Edit: OK, in this special case it's neither shorter nor label-saving, simply because LBL 01 is required anyway. #-)

(10-27-2018 03:52 PM)Thomas Klemm Wrote:  

(04-27-2017 04:07 AM)nsg Wrote:  I wonder if it is possible to improve on the algorithm and generate a sample of modest k for arbitrary N, for example, a sample of 30 out of 10000000.

In this case we might simply generate them at random and hope there's no collision.
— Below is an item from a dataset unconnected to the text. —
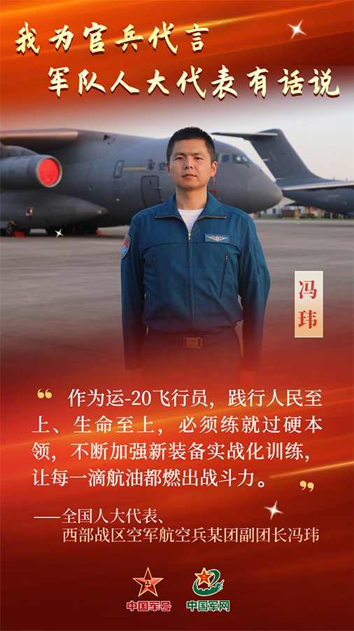 身為軍隊(duì)人大代表,馮瑋始終密切關(guān)注戰(zhàn)略投送力量的有效運(yùn)用,關(guān)注和空軍官兵相關(guān)的各項(xiàng)政策制度,今年提出“關(guān)于優(yōu)化戰(zhàn)略運(yùn)輸機(jī)使用”“在重點(diǎn)民航機(jī)場(chǎng)預(yù)設(shè)軍用運(yùn)輸機(jī)保障裝(設(shè))備”“增加隨機(jī)工作人員補(bǔ)助”等建議,助力人民空軍提升打贏能力。
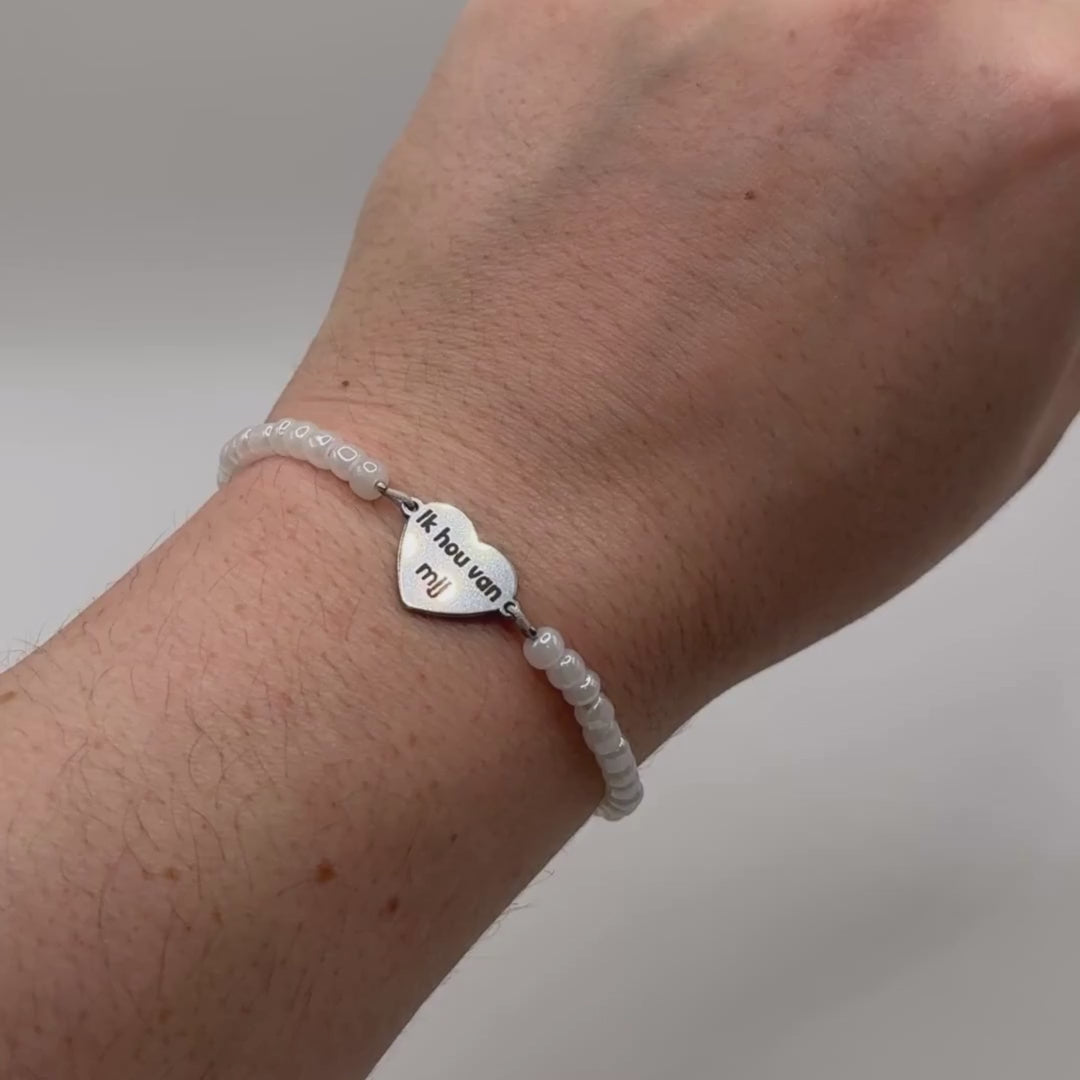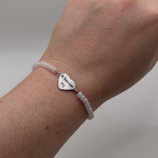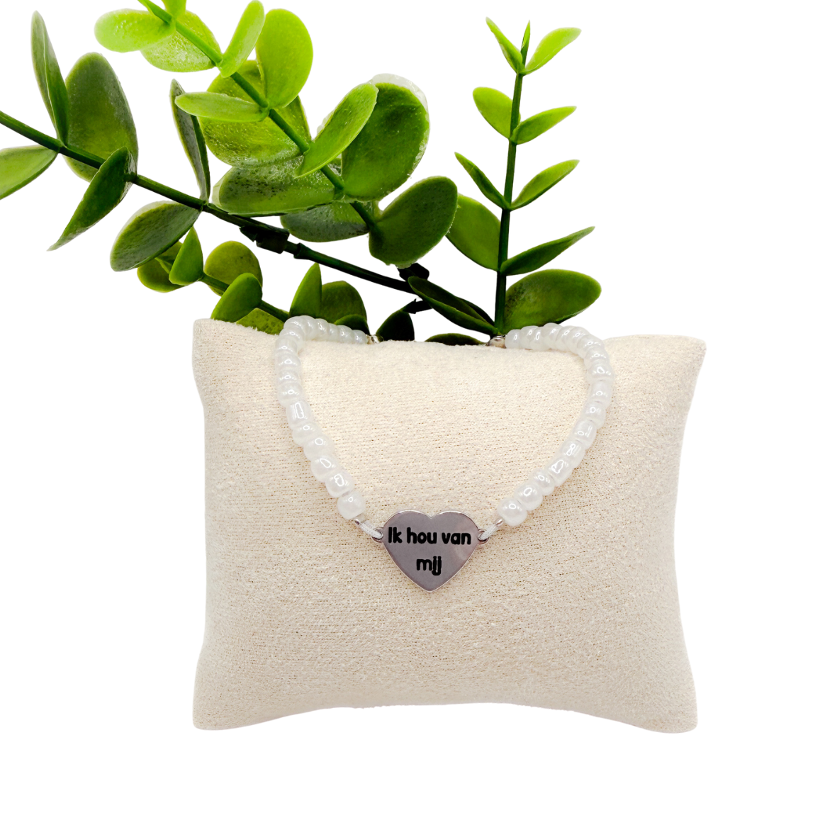 Een klein sieraad met een grote boodschap: deze armband heeft een bedel in het midden met de tekst “ik hou van mij”. De parelkleurige kralen en zilveren details maken hem zacht en liefdevol, terwijl de woorden je eraan herinneren om even bij jezelf stil te staan en jezelf een beetje extra aandacht te geven.

In such a case there is no significant difference between sampling with or without repetition. So it doesn't matter much if a number is drawn twice. Otherwise the idea is: record the sample in a (sorted) list, generate the next number, see if it's part of the list. If yes: get a new number, if not: insert it into the list. Hmmm... somehow this sounds like a job for the HP50. ;-)

Dieter

[Albert Chan]

(04-27-2017 04:07 AM)nsg Wrote:  I wonder if it is possible to improve on the algorithm and generate a sample of modest k for arbitrary N,
for example, a sample of 30 out of 10000000.

Code:

import random
def randindex(k, n):
    s = [n] * k             # k samples
    for i in range(k):
        r = random.randrange(n-i)
        j = 0
        while r + j >= s[j]: j = j+1
        s[j+1:i+1] = s[j:i] # make room for s[j]
        s[j] = r + j        # sorted insert
    return s

Above code only need k random numbers, and return sorted samples.

>>> randindex(10,10) # no repeat
[0, 1, 2, 3, 4, 5, 6, 7, 8, 9]

>>> random.seed(1)
>>> randindex(30,10000000)
[21060, 254459, 283474, 290410, 305901, 938595 ...

[Thomas Klemm]

(10-28-2018 02:18 PM)Albert Chan Wrote:  Above code only need k random numbers, and return sorted samples.

Writing a program for the HP-25 using only 8 registers and 49 programming steps is left as an exercise for the dear reader.

Cheers
Thomas

[John Keith]

(10-28-2018 09:18 AM)Dieter Wrote:  In such a case there is no significant difference between sampling with or without repetition. So it doesn't matter much if a number is drawn twice. Otherwise the idea is: record the sample in a (sorted) list, generate the next number, see if it's part of the list. If yes: get a new number, if not: insert it into the list. Hmmm... somehow this sounds like a job for the HP50. ;-)

Going further of-topic...
This would be a variation of the Fisher-Yates shuffle, implemented in the ListExt Library as LSHUF.

[Albert Chan]

(10-28-2018 08:03 PM)John Keith Wrote:  

(10-28-2018 09:18 AM)Dieter Wrote:  In such a case there is no significant difference between sampling with or without repetition. So it doesn't matter much if a number is drawn twice. Otherwise the idea is: record the sample in a (sorted) list, generate the next number, see if it's part of the list. If yes: get a new number, if not: insert it into the list. Hmmm... somehow this sounds like a job for the HP50. ;-)

This would be a variation of the Fisher-Yates shuffle, implemented in the ListExt Library as LSHUF.

I do not see any shuffling from Dieter description.
That seems more like "rinse, and repeat", throwing away (rare) repeated samples.

My Python randindex(...) look more like shuffling, except working thru the samples list.